From start to end, write out the following data exactly, apart from its images.

[Provided material Boundary: Start]

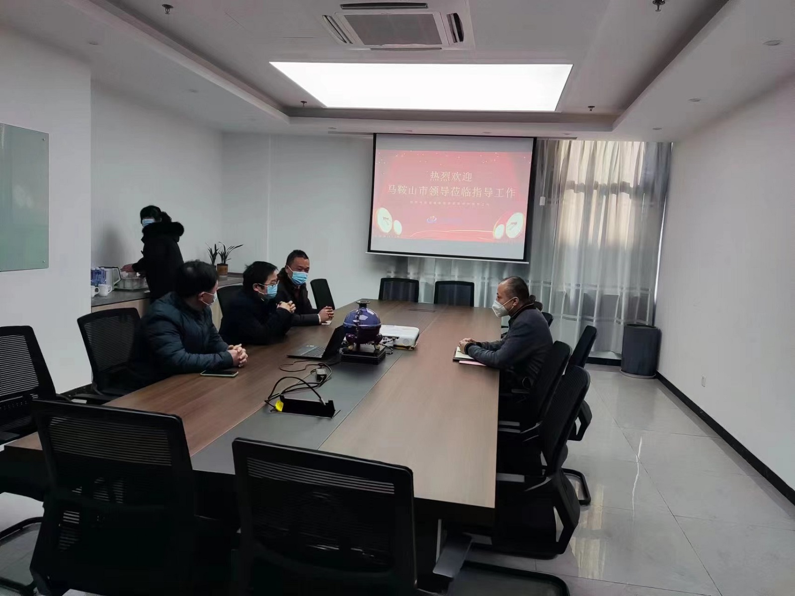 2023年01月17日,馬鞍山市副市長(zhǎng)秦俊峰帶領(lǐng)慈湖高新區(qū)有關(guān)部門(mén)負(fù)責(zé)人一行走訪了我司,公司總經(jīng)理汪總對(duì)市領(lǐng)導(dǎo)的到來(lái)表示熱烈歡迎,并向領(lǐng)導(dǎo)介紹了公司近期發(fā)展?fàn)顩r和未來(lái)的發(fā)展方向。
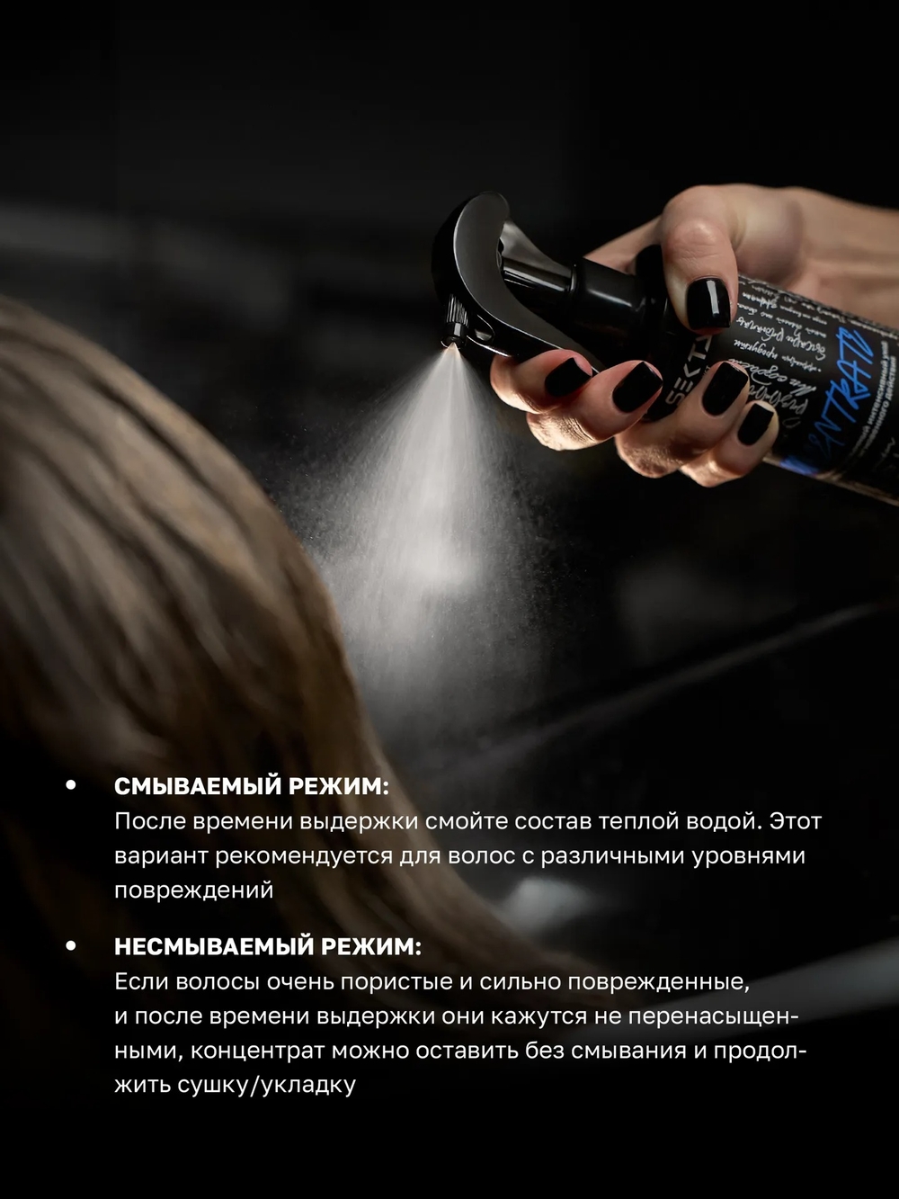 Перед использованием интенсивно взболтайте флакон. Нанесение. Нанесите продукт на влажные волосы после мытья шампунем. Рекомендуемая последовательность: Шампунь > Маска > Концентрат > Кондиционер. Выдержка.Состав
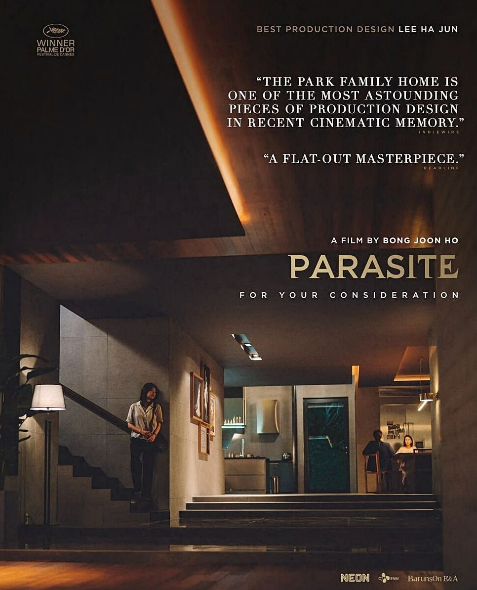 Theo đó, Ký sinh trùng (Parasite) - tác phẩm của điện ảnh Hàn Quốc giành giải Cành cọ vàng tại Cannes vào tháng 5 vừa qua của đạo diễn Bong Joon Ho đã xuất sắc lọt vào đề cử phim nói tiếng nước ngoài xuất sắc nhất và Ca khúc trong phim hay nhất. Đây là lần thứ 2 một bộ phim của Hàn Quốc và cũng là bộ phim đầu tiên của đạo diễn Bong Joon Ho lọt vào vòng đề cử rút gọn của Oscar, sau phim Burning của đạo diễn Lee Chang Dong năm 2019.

[Provided material Boundary: End]

• **Completed exercise**
 2023年01月17日,馬鞍山市副市長(zhǎng)秦俊峰帶領(lǐng)慈湖高新區(qū)有關(guān)部門(mén)負(fù)責(zé)人一行走訪了我司,公司總經(jīng)理汪總對(duì)市領(lǐng)導(dǎo)的到來(lái)表示熱烈歡迎,并向領(lǐng)導(dǎo)介紹了公司近期發(fā)展?fàn)顩r和未來(lái)的發(fā)展方向。
 Перед использованием интенсивно взболтайте флакон. Нанесение. Нанесите продукт на влажные волосы после мытья шампунем. Рекомендуемая последовательность: Шампунь > Маска > Концентрат > Кондиционер. Выдержка.Состав
 Theo đó, Ký sinh trùng (Parasite) - tác phẩm của điện ảnh Hàn Quốc giành giải Cành cọ vàng tại Cannes vào tháng 5 vừa qua của đạo diễn Bong Joon Ho đã xuất sắc lọt vào đề cử phim nói tiếng nước ngoài xuất sắc nhất và Ca khúc trong phim hay nhất. Đây là lần thứ 2 một bộ phim của Hàn Quốc và cũng là bộ phim đầu tiên của đạo diễn Bong Joon Ho lọt vào vòng đề cử rút gọn của Oscar, sau phim Burning của đạo diễn Lee Chang Dong năm 2019.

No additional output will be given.